T.L.C. Enterprises just revised its capital structure from a debt-equity ratio of .37 to a debt-equity ratio of .48. The firm's shareholders who prefer the old capital structure should: sell some shares and hold the sale proceeds in cash. sell all of their shares and loan out the entire sale proceeds. do nothing. sell some shares and loan out the sale proceeds. borrow funds and purchase more shares.

sell some shares and loan out the sale proceeds.

M&M Proposition I with taxes states that: the optimal capital structure is the all-equity option. the levered value of a firm exceeds the firm's unlevered value. a firm's capital structure is irrelevant. the value of a firm is independent of taxes. WACC remains constant given any debt-equity ratio.

the levered value of a firm exceeds the firm's unlevered value.

According to M&M Proposition I with taxes, the value of a levered firm will increase when the: value of the unlevered firm increases. tax rate is decreased. debt-equity ratio is lowered. interest rate on the debt is lowered. interest rate on the debt is increased.

value of the unlevered firm increases.

You are comparing two possible capital structures for a firm. The first option is an all-equity firm. The second option involves the use of $3.8 million of debt.

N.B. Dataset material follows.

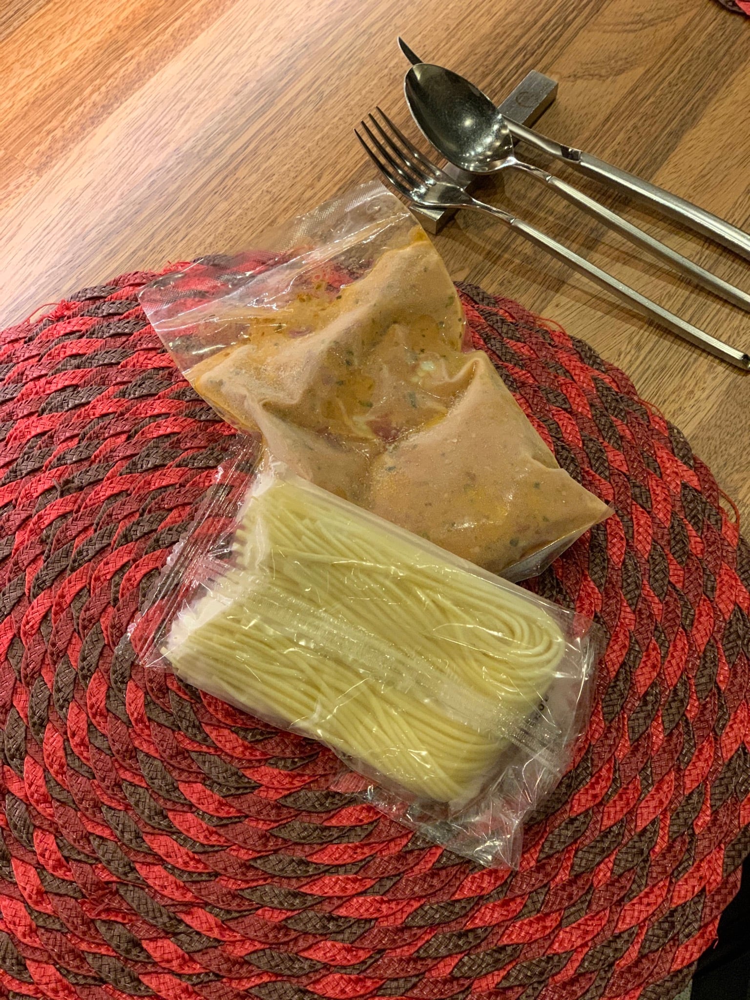 ②ソースはパックのまま解凍するか、冷凍のまま湯せんで5分加熱。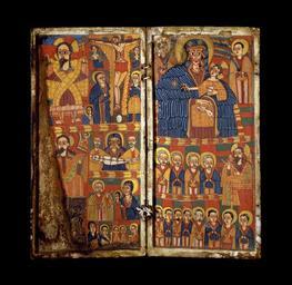 Keywords: Ethiopian - Right Diptych Panel with Virgin and Child Flanked by Archangels - Walters 363 - Open.jpg The paired holes along the outer edge of the right panel indicate that this painting was originally a triptych now missing its right panel What is seen here as a right wing is standard iconography for central panels combining a Virgin and Child based on the Santa Maria Maggiore icon with Christ Teaching the Apostles Although the Anastasis and the Crucifixion typically flank the central panel here they appear together on the left wing with other scenes The details in this wing stress the Virgin's participation in Christ's Passion thereby providing a moving counterpoint to the central panel where Mary appears with her infant son The density of the icon's pictorial program suggests that the missing panel also featured an extensive narrative Because the left wing ends with the Last Judgment it seems likely that the right wing opened with early scenes from the life of Christ such as the Nativity and concluded with Passion scenes that preceded the Crucifixion The painter's exuberant sense of color is characteristic of early Gondarine painting appearing in both icons and works on parchment The alternating horizontal and vertical bands of color connect this painting to works produced in the region of Lasta late 17th-early 18th century Early Gondarine tempera panel cm 52 1 51 9 ; Left panel cm 52 07 26 03 ; Right panel cm 52 07 25 87 accession number 36 3 4854 Knopfelmacher Collection New York date and mode of acquisition unknown Knopfelmacher 12 William Wright Gallery New York date and mode of acquistion unknown Walters Art Museum 1996 by purchase Museum purchase with funds provided by the W Alton Jones Foundation Acquisition Fund 1996 Angels of Light Ethiopian Art from the Walters Art Museum Birmingham Museum of Art Birmingham; Smith College Museum of Art Northampton; Museum of Biblical Art New York 2006-2007 Ethiopian Art at The Walters The Walters Art Gallery Baltimore 1996 Realms of Faith Medieval and Byzantine Art from the Walters Art Museum Frist Center for the Visual Arts Nashville 2001-2002 Realms of Faith Medieval and Byzantine Art from the Walters Art Museum Frist Center for the Visual Arts Nashville 2002-2005 place of origin Lasta in present-day Ethiopia Walters Art Museum license 3D Art of Ethiopia in the Walters Art Museum Church paintings in Ethiopia Paintings in the Walters Art Museum Media contributed by the Walters Art Museum needs category review Madonna and Child |

The break-even point between these two financing options occurs when the earnings before interest and taxes (EBIT) are $428,000. Given this, you know that leverage is beneficial to the firm: whenever EBIT is less than $428,000. only when EBIT is $428,000. whenever EBIT exceeds $428,000. only if the debt is decreased by $428,000. only if the debt is increased by $428,000.

whenever EBIT exceeds $428,000.

Which one of the following statements concerning financial leverage is correct? The benefits of leverage are unaffected by the amount of a firm's earnings. The use of leverage will always increase a firm's earnings per share. The shareholders of a firm are exposed to less risk anytime a firm uses financial leverage. Changes in the capital structure of a firm will generally change the firm's earnings per share. Financial leverage is beneficial to a firm only when the firm has negative earnings.

Changes in the capital structure of a firm will generally change the firm's earnings per share.